Data provided ::
* * * * * * *

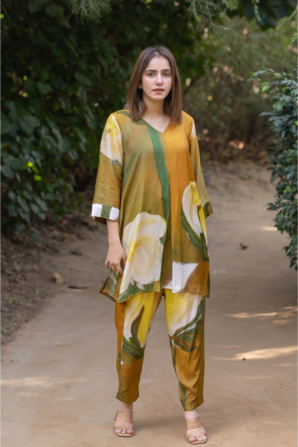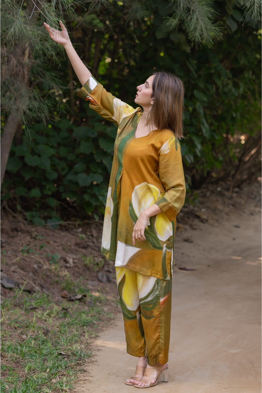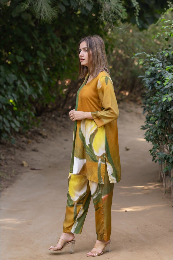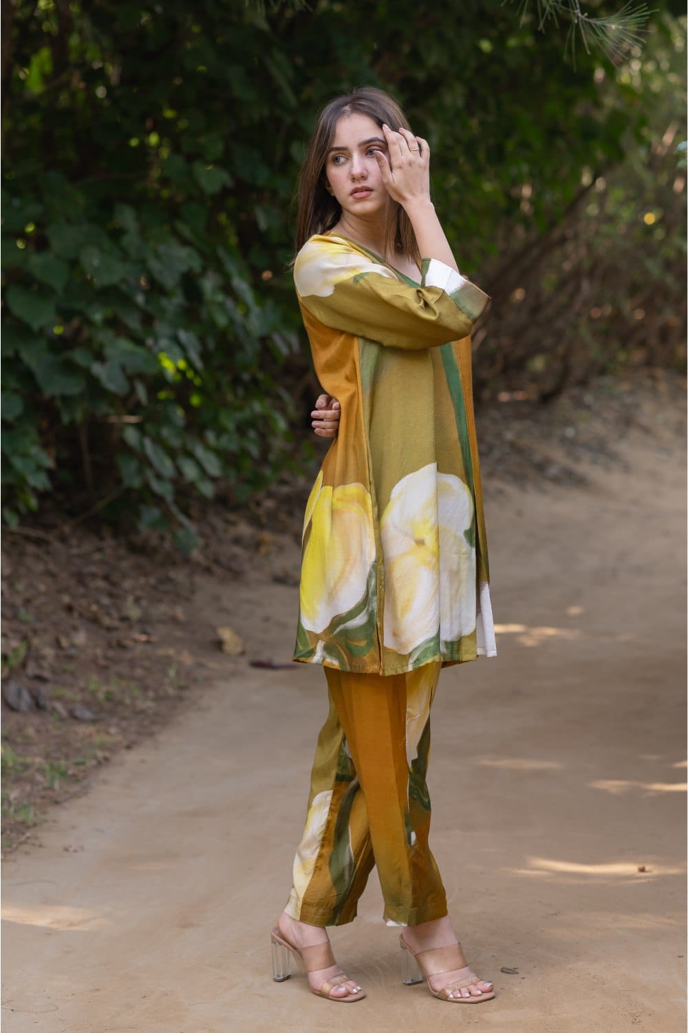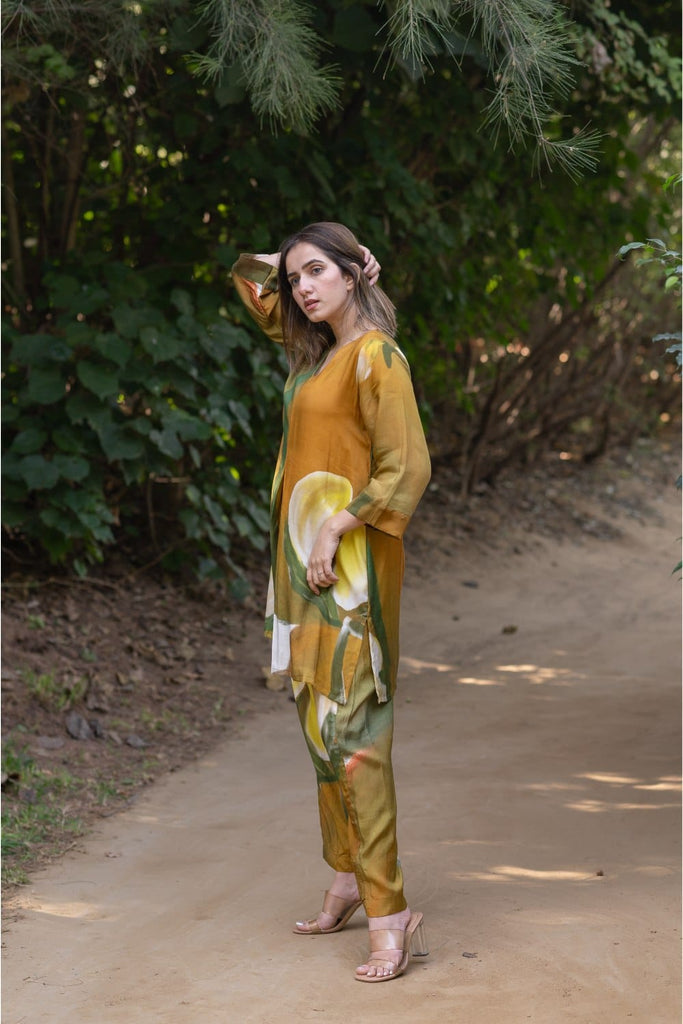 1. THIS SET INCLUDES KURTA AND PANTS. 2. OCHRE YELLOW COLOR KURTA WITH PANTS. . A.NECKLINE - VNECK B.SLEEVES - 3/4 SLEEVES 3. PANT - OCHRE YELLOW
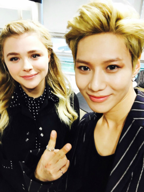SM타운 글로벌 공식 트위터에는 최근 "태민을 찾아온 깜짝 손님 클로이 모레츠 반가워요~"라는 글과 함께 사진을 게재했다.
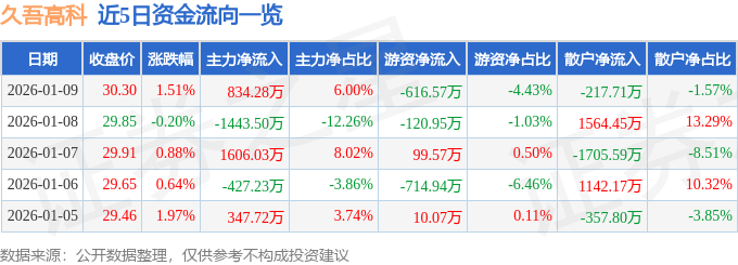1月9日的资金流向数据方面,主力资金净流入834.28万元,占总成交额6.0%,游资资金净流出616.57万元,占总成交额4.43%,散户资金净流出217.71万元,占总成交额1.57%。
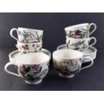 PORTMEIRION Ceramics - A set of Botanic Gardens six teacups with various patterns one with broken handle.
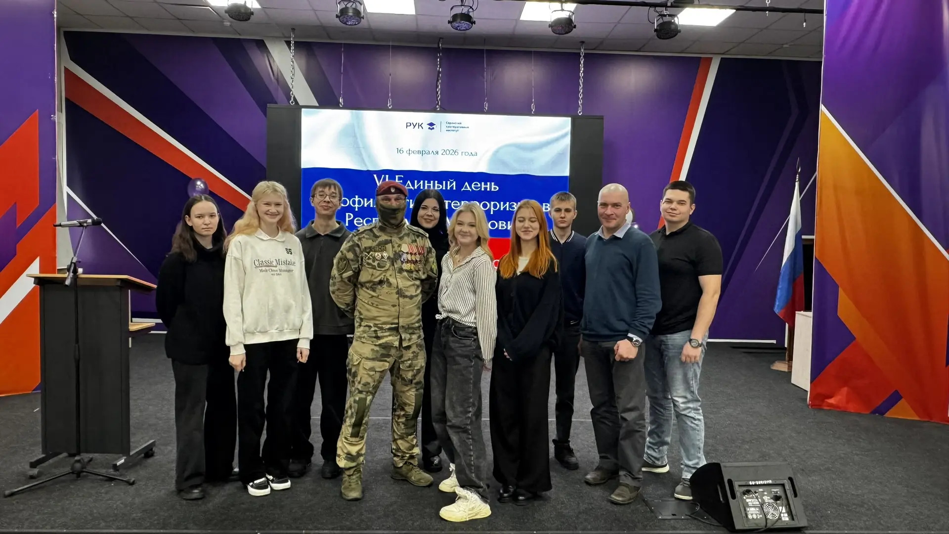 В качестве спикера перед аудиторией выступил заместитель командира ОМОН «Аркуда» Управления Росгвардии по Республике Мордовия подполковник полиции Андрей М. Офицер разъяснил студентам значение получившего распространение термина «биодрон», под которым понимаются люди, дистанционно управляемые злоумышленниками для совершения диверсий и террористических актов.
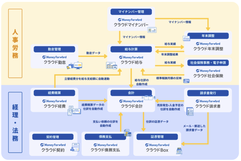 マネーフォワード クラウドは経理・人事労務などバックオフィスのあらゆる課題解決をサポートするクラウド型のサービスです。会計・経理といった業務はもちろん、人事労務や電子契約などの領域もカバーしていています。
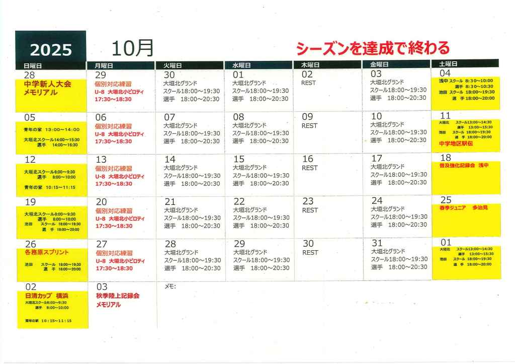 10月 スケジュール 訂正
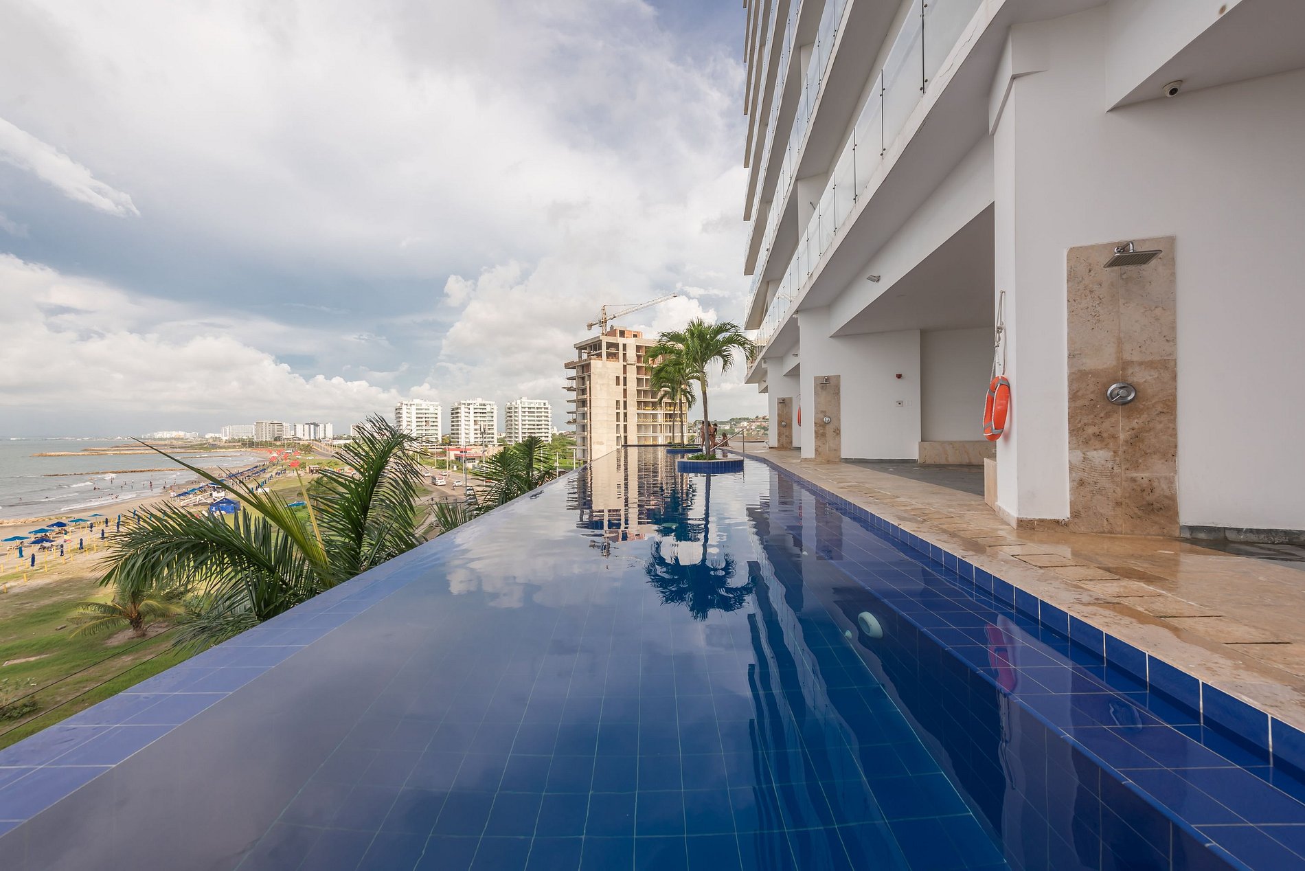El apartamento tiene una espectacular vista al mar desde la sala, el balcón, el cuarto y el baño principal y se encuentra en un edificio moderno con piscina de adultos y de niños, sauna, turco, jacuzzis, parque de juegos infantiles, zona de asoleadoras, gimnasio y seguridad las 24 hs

* * * * * * *

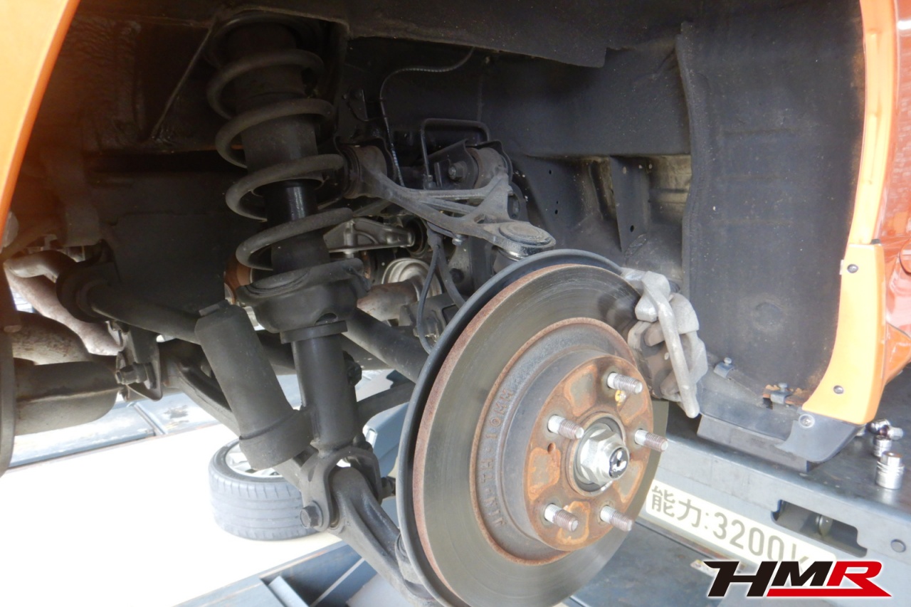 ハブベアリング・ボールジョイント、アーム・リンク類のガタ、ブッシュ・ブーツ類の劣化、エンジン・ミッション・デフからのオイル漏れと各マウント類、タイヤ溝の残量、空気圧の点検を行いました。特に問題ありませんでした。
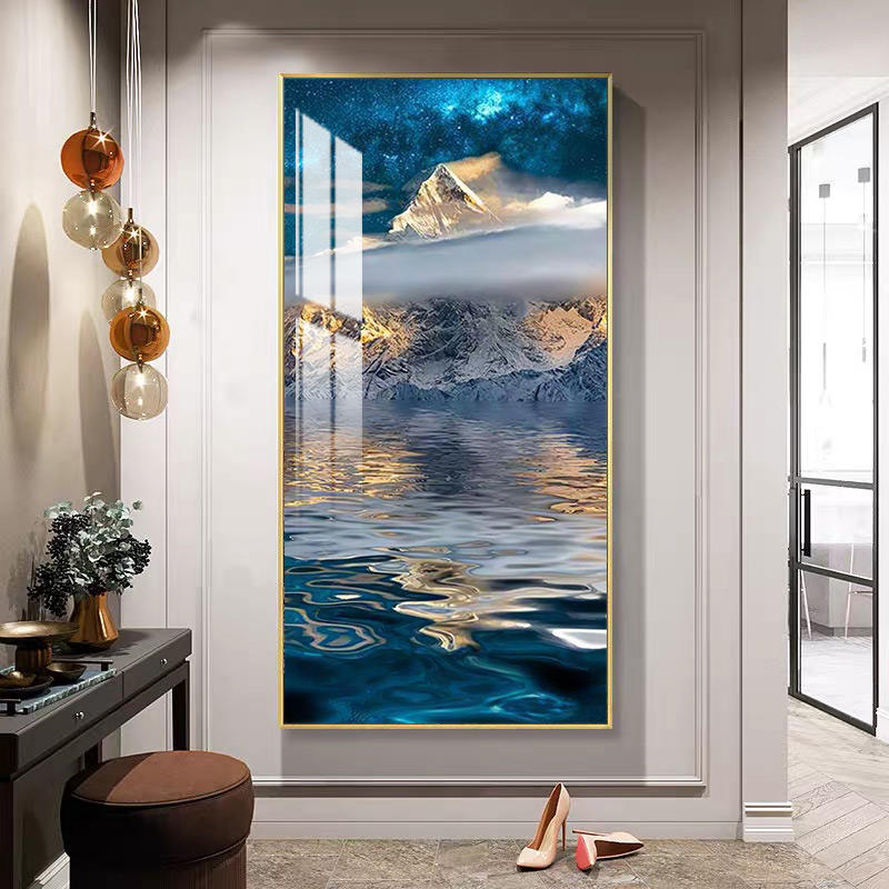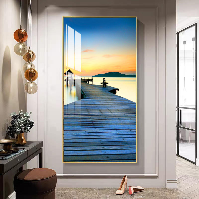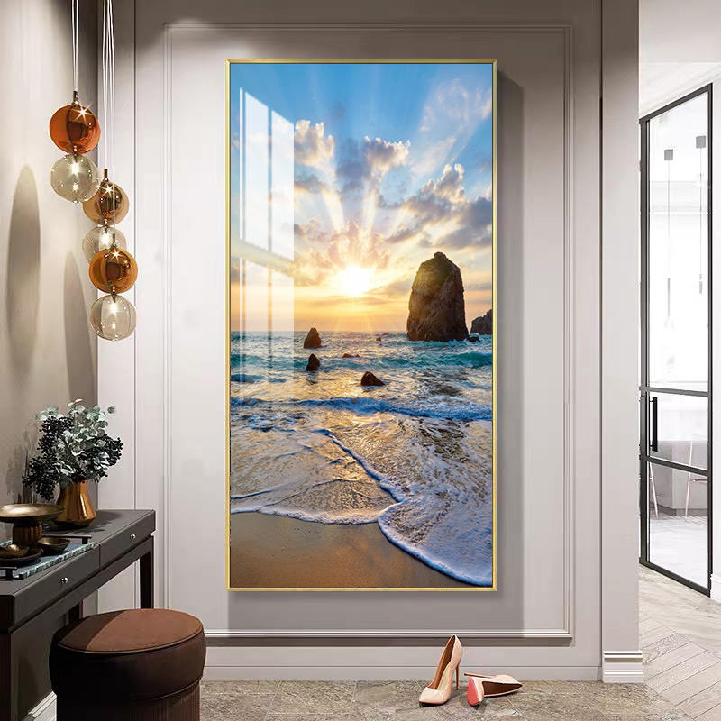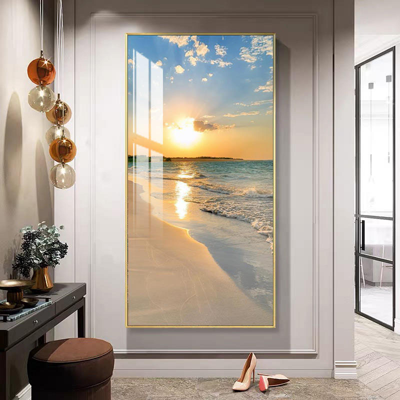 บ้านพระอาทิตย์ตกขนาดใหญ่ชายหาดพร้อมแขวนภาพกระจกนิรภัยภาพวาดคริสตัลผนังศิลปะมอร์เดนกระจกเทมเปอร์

* * * * * * *

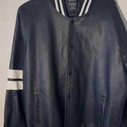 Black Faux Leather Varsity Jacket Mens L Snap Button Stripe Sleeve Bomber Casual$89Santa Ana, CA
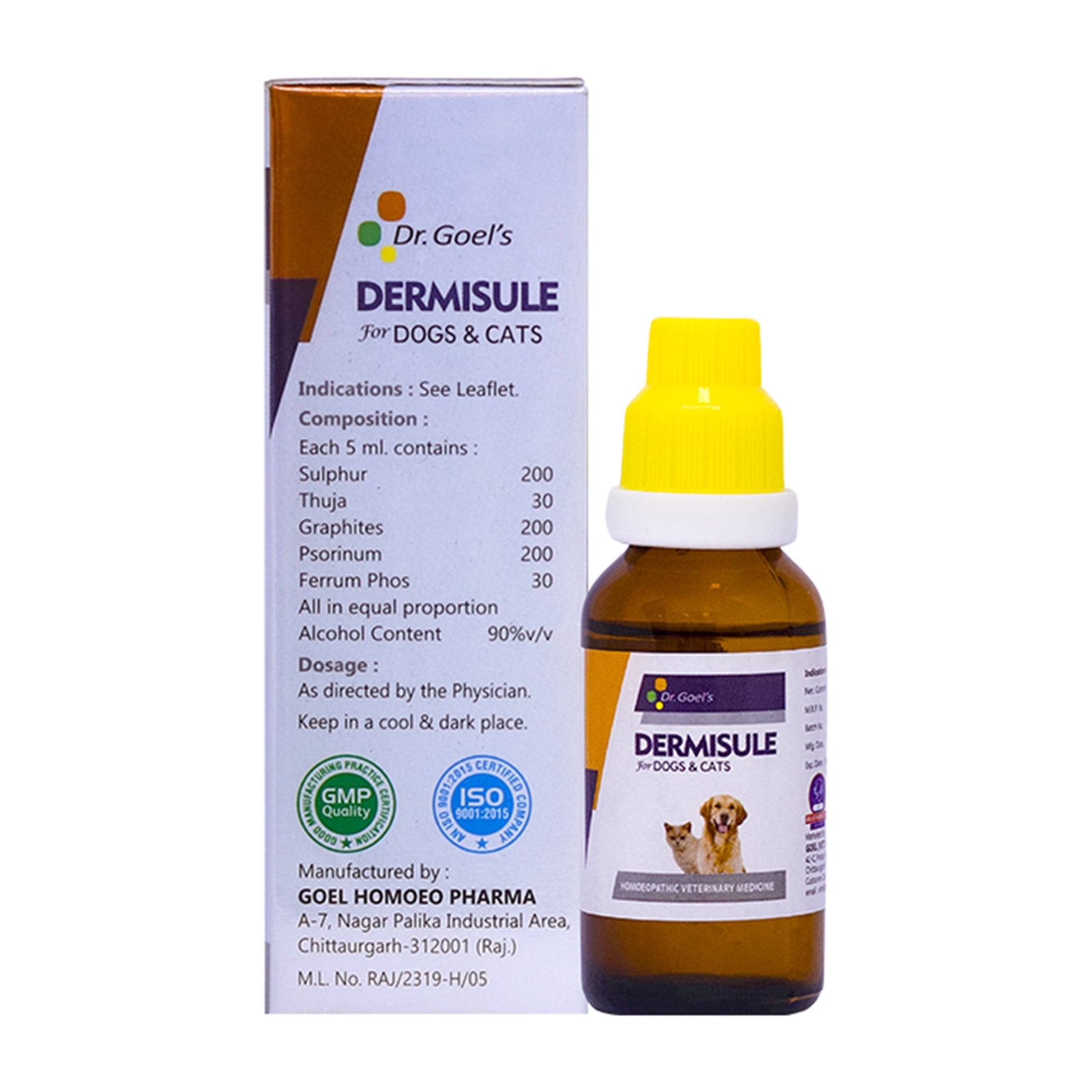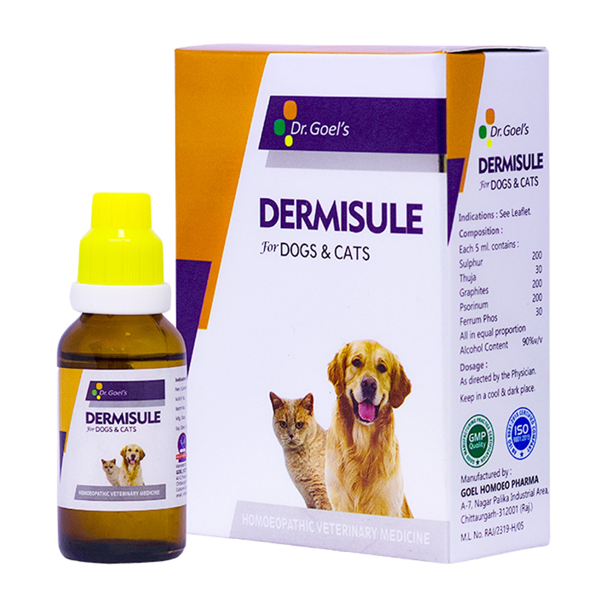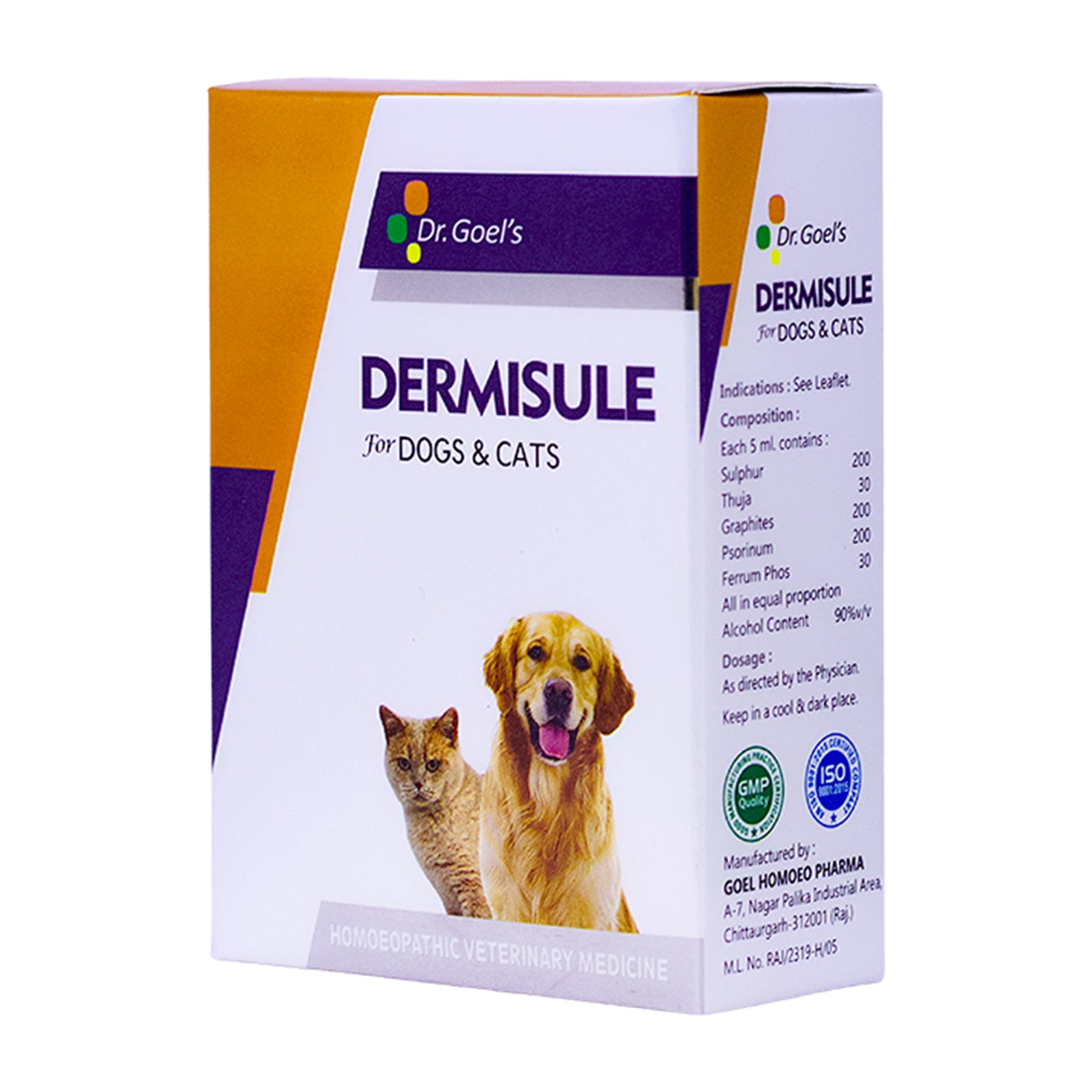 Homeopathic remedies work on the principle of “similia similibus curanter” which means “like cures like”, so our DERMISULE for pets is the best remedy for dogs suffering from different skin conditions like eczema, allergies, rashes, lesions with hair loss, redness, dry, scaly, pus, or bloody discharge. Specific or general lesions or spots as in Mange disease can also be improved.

* * * * * * *

Required work ::
In the listing above, find the line with "ハブベアリング・ボールジョイ" and the line with "บ้านพระอาทิตย์". Output both, plus every line between them, and no pictures.

Task result ::
 ハブベアリング・ボールジョイント、アーム・リンク類のガタ、ブッシュ・ブーツ類の劣化、エンジン・ミッション・デフからのオイル漏れと各マウント類、タイヤ溝の残量、空気圧の点検を行いました。特に問題ありませんでした。
 บ้านพระอาทิตย์ตกขนาดใหญ่ชายหาดพร้อมแขวนภาพกระจกนิรภัยภาพวาดคริสตัลผนังศิลปะมอร์เดนกระจกเทมเปอร์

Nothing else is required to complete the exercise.